From my personal experience of the operation of the Boundary Commission, I wholeheartedly endorse the compliments that have been paid to it in arriving at a solution to difficult problems which is, in general, fair and just. I refer particularly to the situation which faced the Boundary Commission with regard to Manchester and Trafford. The saving of the community of Wythenshawe following a public inquiry was an important act by the Boundary Commission. It reflects strongly held views and will be of immense benefit to the local communities not only in Wythenshawe but also in other parts of Manchester and Trafford. They will have Members of Parliament who can represent genuine communities. That will be wholly beneficial to our electoral process.

I said that it is possible and, if necessary, our duty to amend or reject regulations such as these. It is important to recognise that the Minister did not see fit to amend the recommendations of the Boundary Commission because in this context it is important that politicians stand back from the independent review that has been conducted.

One of the problems that we have to face is the make-up of this Chamber. It has an inherent Conservative majority, not only through hereditary peerages. If hereditary peerages were abolished tomorrow, the Conservatives would still have an in-built majority over the Opposition. Therefore, we do not have the standing to say that we, as the House of Lords, can look at matters independently. As a nation we have to consider how, within the parliamentary process, we have some oversight over the overseers.

Regarding the size of the House of Commons, I join with other speakers in this debate in suggesting that the Members of the House of Commons represent too few people. However, I suggest that we should not compare this country with the United States of America, where a Congressman in the House of Representatives represents approximately half a million people. The equivalent is much more akin to the European Parliament, where Members of the European Parliament represent half a million people. If Members of the House of Commons were to represent 100,000 people rather than the half million that Congressmen and Members of the European Parliament represent, we might arrive at a more sensible size for the House of Commons.

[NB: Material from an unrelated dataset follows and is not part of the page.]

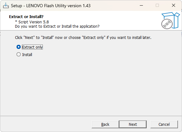 3. Extract the content of the files. Older utilities will extract the files and attempt to perform the BIOS update (be careful and just make sure to cancel the update) – Newer ones will give you the option to Update or Extract only. If you already tried to update the BIOS and failed, then the utility already extracted the files to C:\SWTOOLS. To play it safe, I highly recommend you use a utility like Universal Extractor, WinRAR, or 7-zip to extract each archive to its own directory.

Finally, I support the final comments made by my noble friend Lord McIntosh of Haringey from the Front Bench about the exclusion of electors—people who have the right to take part in our parliamentary electoral process—for various reasons, partly bureaucratic and partly unfortunate accidents of history and legislation. Perhaps I may refer to the council tax. Something ought to be done about that denial of democracy. I suggest that the figure is rather greater than the 1 million or 2 million that my noble friend suggests. I support the Motion.